In 2015, after nearly three decades of military service, Todd Williams officially retired from the Army and began his new position with the Carolina Physician Assistant Program.

Todd Williams’s 28-year military career took him to countries and combat zones around the world: Korea, Haiti, sub-Saharan Africa, Afghanistan and Iraq. Although the retired Green Beret medic, also known as an 18-Delta, doesn’t share many details about his experiences overseas, he does open up about an invaluable gift given to him by his sister-in-law before deployments to Afghanistan and Iraq in the years after September 11, 2001: a globe.

More than a decade ago, Williams and his wife, Michelle, placed the globe in the study of their home in Cameron, North Carolina, a 30-minute drive from Fort Bragg, where he was stationed. Today, it sits in the family’s study at their home in Holly Springs, outside Raleigh.

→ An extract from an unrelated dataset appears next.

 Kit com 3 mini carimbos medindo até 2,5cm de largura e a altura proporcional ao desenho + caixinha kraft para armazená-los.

“It was a huge help when talking to my daughters about my deployments,” recalled Williams, the clinical coordinator for the recently launched UNC Physician Assistant (PA) Program, which is operated through the Department of Allied Health Sciences at the UNC School of Medicine. “When I was preparing to go to Afghanistan or Iraq, I would bring them into the study and point to where on the map I was going, tell them how long I’d be gone, and explain that I’d be working as a medic, trying to help people. It was a way for us to feel closer during those times.”

An Ideal Fit

In the fall of 2015, after nearly three decades of military service, Williams officially retired from the Army and began his new position with the PA Program. The decision to seek a second career – after the Army had been his professional home for so long – was carefully considered.

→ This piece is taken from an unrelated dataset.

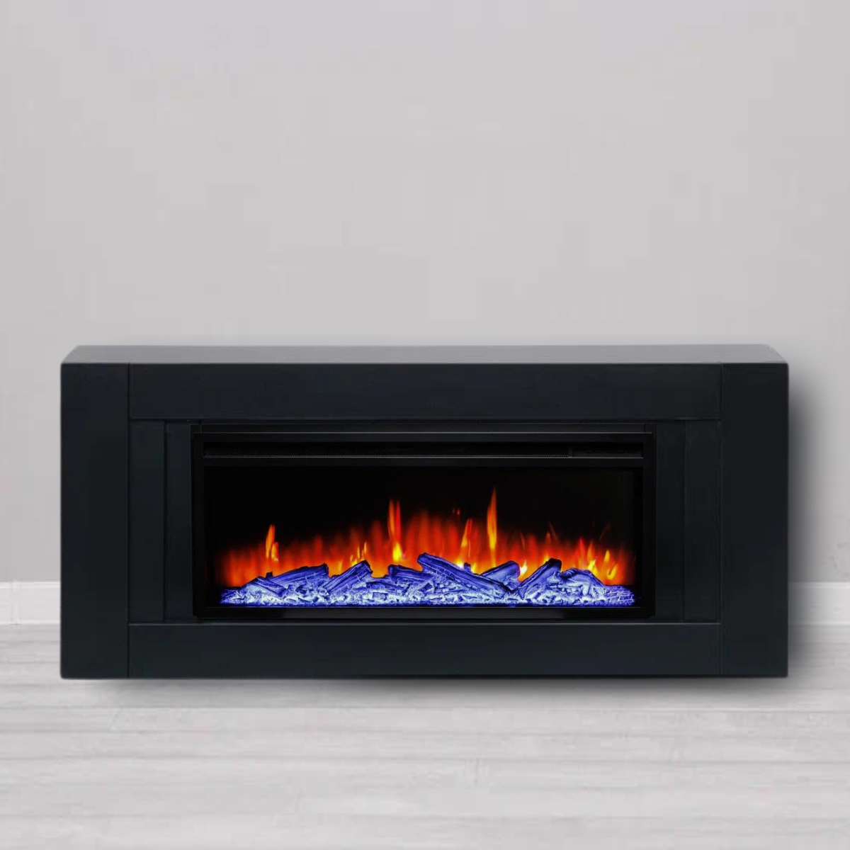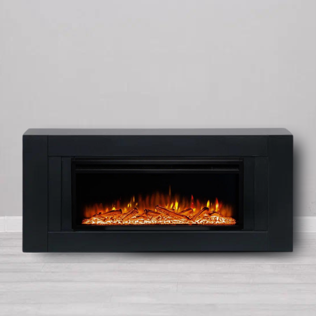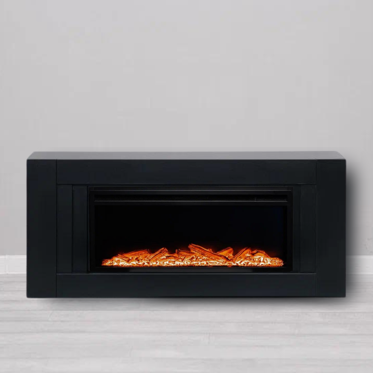 Купить Камин электрический ELEKAM Lines чёрный с очагом Pulsar 38 с дровами с обогревом и звуком потрескивания (Электрокамин)

“To be in Special Forces, your team has to be able to rely on each other,” Williams explained. “On your bad days, you need to know that you’ll be picked up by your teammates. On their bad days, you need to be there to pick them up. For me, after 16 years in Special Forces, I’d reached a point where I no longer felt I could be as effective a teammate as I needed to be. My daughters were 12 and 8 years old, and it was increasingly difficult to be away from them.”

For the PA Program, the timing of Williams’s retirement couldn’t have been better. Upon learning about his military and professional experiences and interviewing him for the position, UNC professor of medicine and PA Program director Paul Chelminski, MD, and his colleagues on the program hiring committee knew they had found the ideal fit to be clinical coordinator.

“We weren’t specifically looking for a candidate with military experience for this position,” said Chelminski. “But as soon as we saw Todd’s credentials, we understood what he could contribute to this program and our students. Todd is an 18-Delta and a physician assistant with a wealth of medical experience, and he has taken the type of nontraditional educational path that so many of our students follow.”